TASK INSTRUCTIONS: Images are to be dropped, and the rest of the data reproduced exactly.

SOURCE MATERIAL:
------------------------

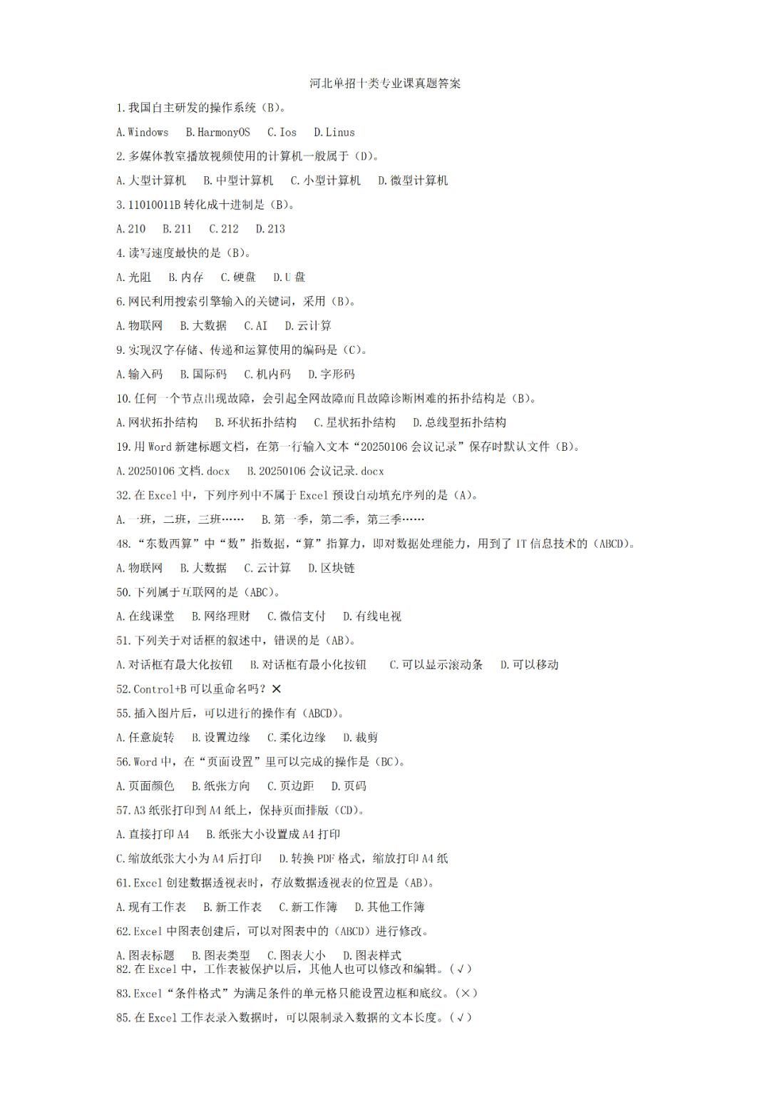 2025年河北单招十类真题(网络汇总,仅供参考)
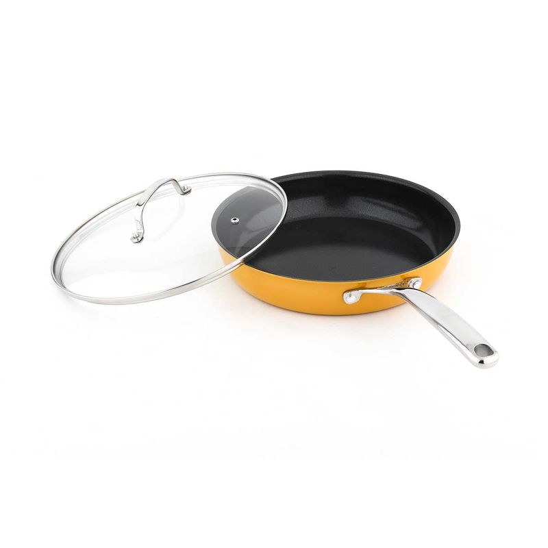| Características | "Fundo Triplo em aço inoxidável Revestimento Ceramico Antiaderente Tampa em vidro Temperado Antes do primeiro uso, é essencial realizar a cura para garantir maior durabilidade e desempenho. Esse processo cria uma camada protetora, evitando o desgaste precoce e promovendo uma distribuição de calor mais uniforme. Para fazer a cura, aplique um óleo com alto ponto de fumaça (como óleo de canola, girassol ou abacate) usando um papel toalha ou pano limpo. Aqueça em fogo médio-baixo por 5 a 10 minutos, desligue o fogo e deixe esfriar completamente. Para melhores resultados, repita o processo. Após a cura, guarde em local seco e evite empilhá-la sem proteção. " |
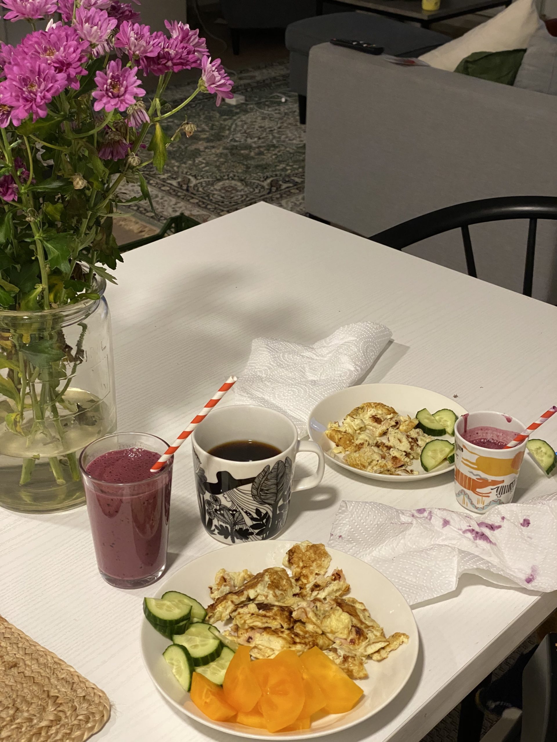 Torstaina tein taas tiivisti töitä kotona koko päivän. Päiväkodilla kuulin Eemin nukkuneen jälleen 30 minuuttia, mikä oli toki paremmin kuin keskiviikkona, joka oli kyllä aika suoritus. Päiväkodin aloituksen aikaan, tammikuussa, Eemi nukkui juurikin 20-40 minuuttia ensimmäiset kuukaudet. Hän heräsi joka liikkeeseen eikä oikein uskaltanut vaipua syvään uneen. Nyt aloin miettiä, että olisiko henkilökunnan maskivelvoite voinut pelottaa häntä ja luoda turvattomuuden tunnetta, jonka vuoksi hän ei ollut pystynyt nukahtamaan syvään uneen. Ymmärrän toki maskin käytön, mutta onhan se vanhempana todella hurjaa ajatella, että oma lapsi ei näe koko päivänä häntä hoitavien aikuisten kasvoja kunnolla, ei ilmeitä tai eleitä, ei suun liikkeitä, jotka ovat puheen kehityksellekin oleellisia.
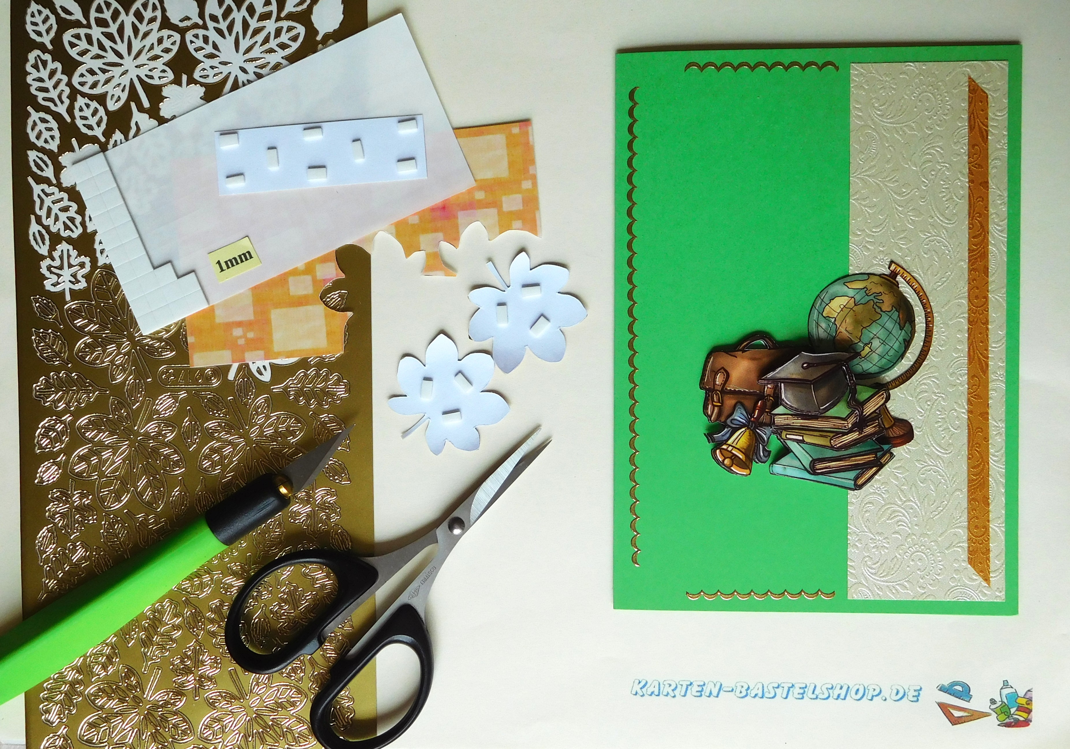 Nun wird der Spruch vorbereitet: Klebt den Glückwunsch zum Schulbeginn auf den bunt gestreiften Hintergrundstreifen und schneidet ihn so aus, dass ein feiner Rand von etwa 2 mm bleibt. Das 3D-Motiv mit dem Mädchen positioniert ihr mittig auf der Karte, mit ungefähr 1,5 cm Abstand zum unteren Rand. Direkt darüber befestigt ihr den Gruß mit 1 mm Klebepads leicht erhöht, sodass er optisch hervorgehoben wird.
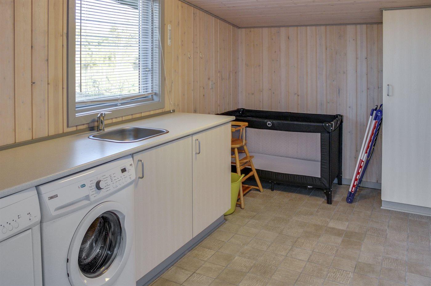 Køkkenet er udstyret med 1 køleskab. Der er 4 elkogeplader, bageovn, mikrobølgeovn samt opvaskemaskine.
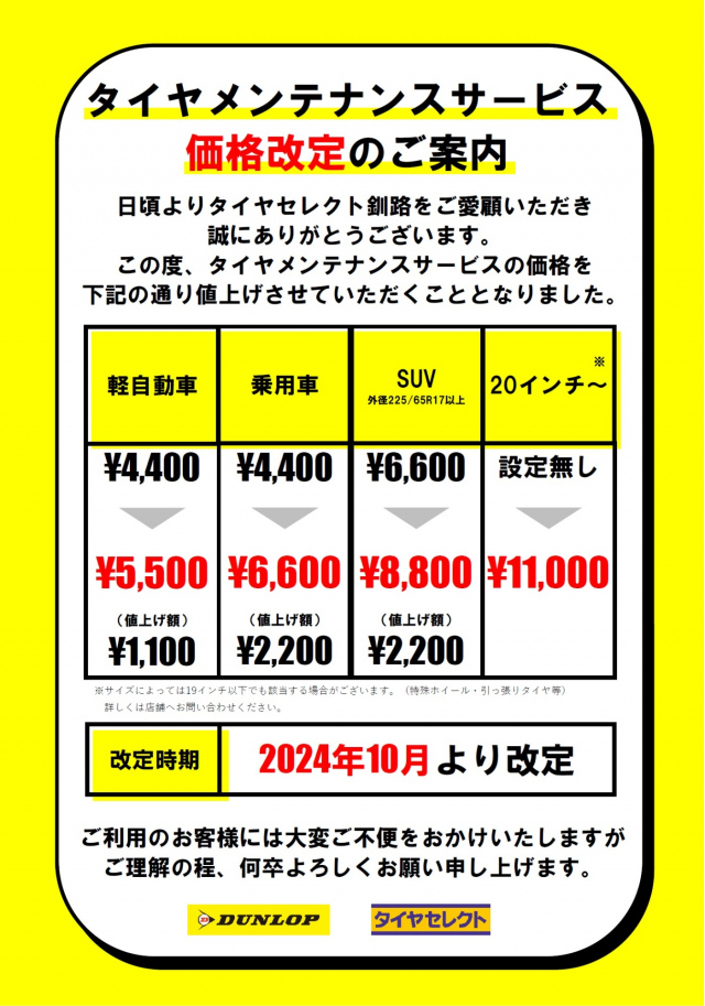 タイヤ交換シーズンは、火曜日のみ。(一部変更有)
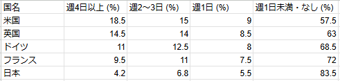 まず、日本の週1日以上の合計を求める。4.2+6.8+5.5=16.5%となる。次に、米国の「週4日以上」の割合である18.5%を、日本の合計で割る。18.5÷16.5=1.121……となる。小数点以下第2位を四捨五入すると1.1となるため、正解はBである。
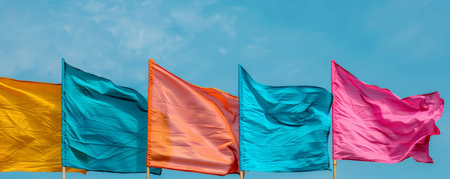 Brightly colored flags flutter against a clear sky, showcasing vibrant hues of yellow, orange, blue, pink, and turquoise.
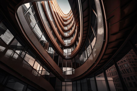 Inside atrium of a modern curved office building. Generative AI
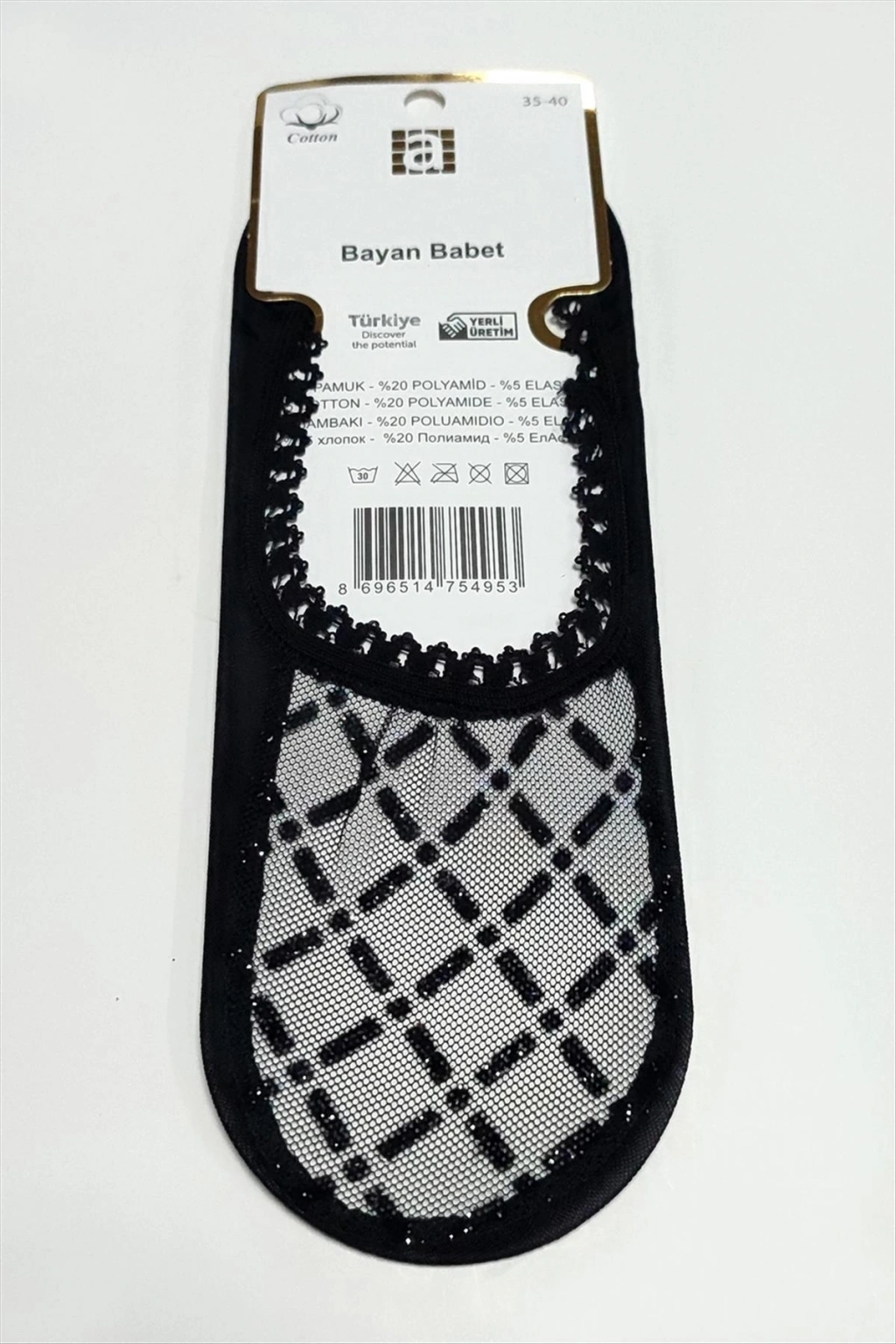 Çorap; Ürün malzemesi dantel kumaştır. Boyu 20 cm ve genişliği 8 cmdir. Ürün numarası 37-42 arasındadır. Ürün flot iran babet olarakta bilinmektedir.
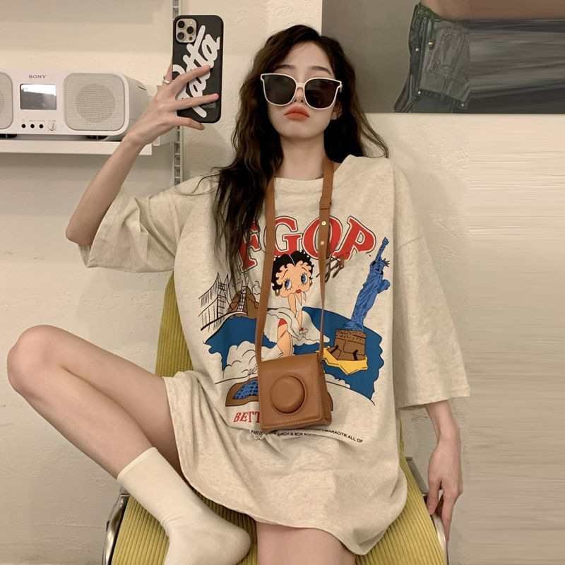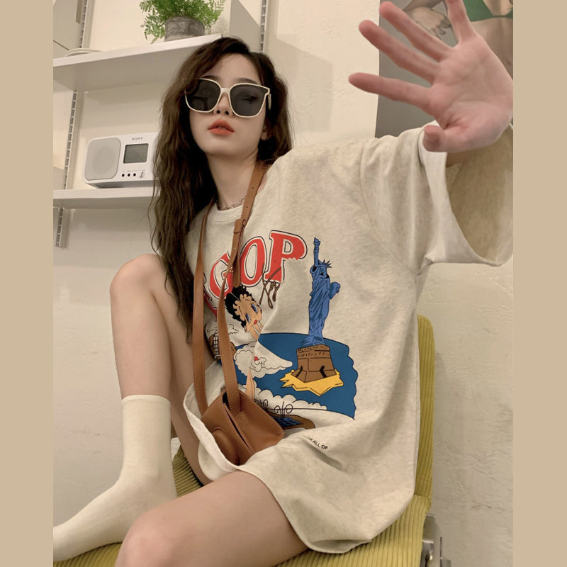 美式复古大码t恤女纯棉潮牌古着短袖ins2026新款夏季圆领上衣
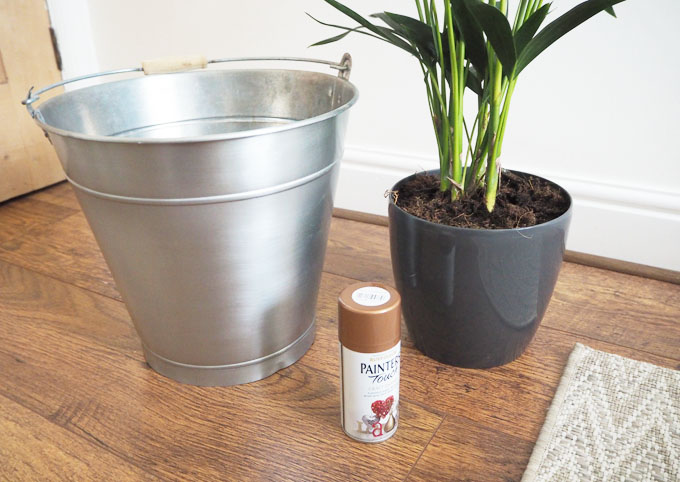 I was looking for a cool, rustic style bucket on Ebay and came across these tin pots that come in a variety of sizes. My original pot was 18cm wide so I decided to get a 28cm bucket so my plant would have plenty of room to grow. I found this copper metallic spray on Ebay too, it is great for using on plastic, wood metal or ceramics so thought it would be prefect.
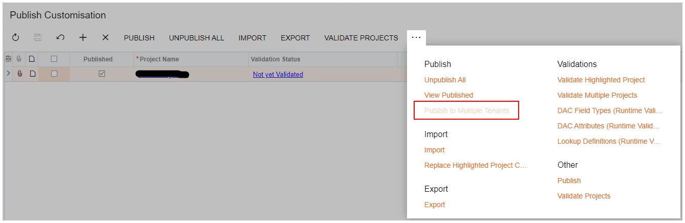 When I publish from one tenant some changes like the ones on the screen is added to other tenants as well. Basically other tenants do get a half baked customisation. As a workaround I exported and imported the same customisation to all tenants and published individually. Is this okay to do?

------------------------

SOLUTION FOR THIS EXERCISE:
 2025年河北单招十类真题(网络汇总,仅供参考)
| Características | "Fundo Triplo em aço inoxidável Revestimento Ceramico Antiaderente Tampa em vidro Temperado Antes do primeiro uso, é essencial realizar a cura para garantir maior durabilidade e desempenho. Esse processo cria uma camada protetora, evitando o desgaste precoce e promovendo uma distribuição de calor mais uniforme. Para fazer a cura, aplique um óleo com alto ponto de fumaça (como óleo de canola, girassol ou abacate) usando um papel toalha ou pano limpo. Aqueça em fogo médio-baixo por 5 a 10 minutos, desligue o fogo e deixe esfriar completamente. Para melhores resultados, repita o processo. Após a cura, guarde em local seco e evite empilhá-la sem proteção. " |
 Torstaina tein taas tiivisti töitä kotona koko päivän. Päiväkodilla kuulin Eemin nukkuneen jälleen 30 minuuttia, mikä oli toki paremmin kuin keskiviikkona, joka oli kyllä aika suoritus. Päiväkodin aloituksen aikaan, tammikuussa, Eemi nukkui juurikin 20-40 minuuttia ensimmäiset kuukaudet. Hän heräsi joka liikkeeseen eikä oikein uskaltanut vaipua syvään uneen. Nyt aloin miettiä, että olisiko henkilökunnan maskivelvoite voinut pelottaa häntä ja luoda turvattomuuden tunnetta, jonka vuoksi hän ei ollut pystynyt nukahtamaan syvään uneen. Ymmärrän toki maskin käytön, mutta onhan se vanhempana todella hurjaa ajatella, että oma lapsi ei näe koko päivänä häntä hoitavien aikuisten kasvoja kunnolla, ei ilmeitä tai eleitä, ei suun liikkeitä, jotka ovat puheen kehityksellekin oleellisia.
 Nun wird der Spruch vorbereitet: Klebt den Glückwunsch zum Schulbeginn auf den bunt gestreiften Hintergrundstreifen und schneidet ihn so aus, dass ein feiner Rand von etwa 2 mm bleibt. Das 3D-Motiv mit dem Mädchen positioniert ihr mittig auf der Karte, mit ungefähr 1,5 cm Abstand zum unteren Rand. Direkt darüber befestigt ihr den Gruß mit 1 mm Klebepads leicht erhöht, sodass er optisch hervorgehoben wird.
 Køkkenet er udstyret med 1 køleskab. Der er 4 elkogeplader, bageovn, mikrobølgeovn samt opvaskemaskine.
 タイヤ交換シーズンは、火曜日のみ。(一部変更有)
 まず、日本の週1日以上の合計を求める。4.2+6.8+5.5=16.5%となる。次に、米国の「週4日以上」の割合である18.5%を、日本の合計で割る。18.5÷16.5=1.121……となる。小数点以下第2位を四捨五入すると1.1となるため、正解はBである。
 Brightly colored flags flutter against a clear sky, showcasing vibrant hues of yellow, orange, blue, pink, and turquoise.
 Inside atrium of a modern curved office building. Generative AI
 Çorap; Ürün malzemesi dantel kumaştır. Boyu 20 cm ve genişliği 8 cmdir. Ürün numarası 37-42 arasındadır. Ürün flot iran babet olarakta bilinmektedir.
 美式复古大码t恤女纯棉潮牌古着短袖ins2026新款夏季圆领上衣
 I was looking for a cool, rustic style bucket on Ebay and came across these tin pots that come in a variety of sizes. My original pot was 18cm wide so I decided to get a 28cm bucket so my plant would have plenty of room to grow. I found this copper metallic spray on Ebay too, it is great for using on plastic, wood metal or ceramics so thought it would be prefect.
 When I publish from one tenant some changes like the ones on the screen is added to other tenants as well. Basically other tenants do get a half baked customisation. As a workaround I exported and imported the same customisation to all tenants and published individually. Is this okay to do?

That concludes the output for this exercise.